*** Opening DATA BELOW ***

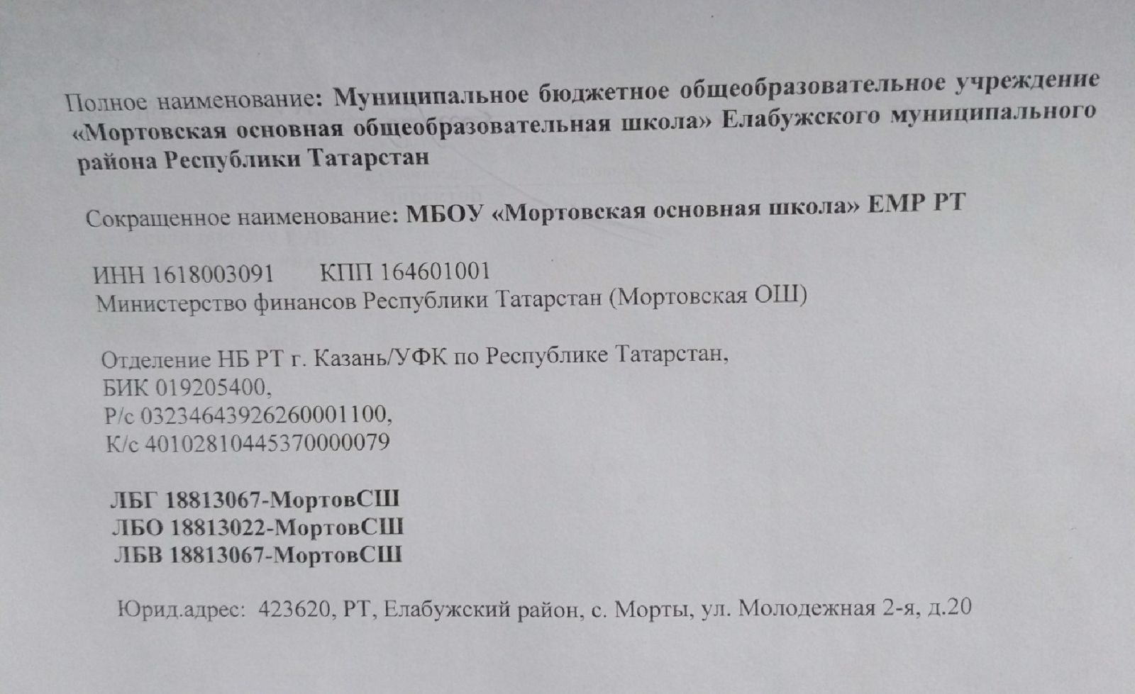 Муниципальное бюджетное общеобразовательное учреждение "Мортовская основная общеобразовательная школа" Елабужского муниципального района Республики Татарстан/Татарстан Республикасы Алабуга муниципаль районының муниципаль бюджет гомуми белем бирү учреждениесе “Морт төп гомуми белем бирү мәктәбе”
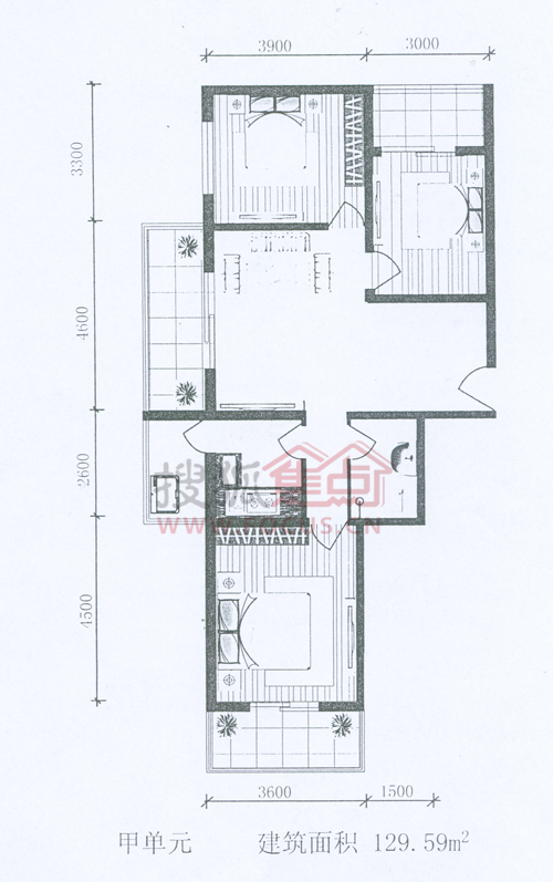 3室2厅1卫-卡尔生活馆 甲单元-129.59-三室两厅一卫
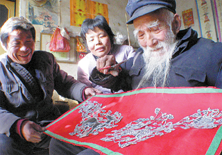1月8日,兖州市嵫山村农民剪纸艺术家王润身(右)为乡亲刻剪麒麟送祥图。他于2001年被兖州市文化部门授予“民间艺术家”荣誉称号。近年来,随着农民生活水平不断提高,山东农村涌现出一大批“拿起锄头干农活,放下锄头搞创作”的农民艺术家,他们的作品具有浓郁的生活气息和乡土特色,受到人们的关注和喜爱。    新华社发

*** Closing DATA BELOW ***

WORK TO COMPLETE:
Return exactly the lines running from the line with "3室2厅1卫-卡尔生活馆 甲单元-129.59-三室两厅一卫" through the final line of the listing. Leave the pictures out.

TASK SOLUTION:
 3室2厅1卫-卡尔生活馆 甲单元-129.59-三室两厅一卫
1月8日,兖州市嵫山村农民剪纸艺术家王润身(右)为乡亲刻剪麒麟送祥图。他于2001年被兖州市文化部门授予“民间艺术家”荣誉称号。近年来,随着农民生活水平不断提高,山东农村涌现出一大批“拿起锄头干农活,放下锄头搞创作”的农民艺术家,他们的作品具有浓郁的生活气息和乡土特色,受到人们的关注和喜爱。    新华社发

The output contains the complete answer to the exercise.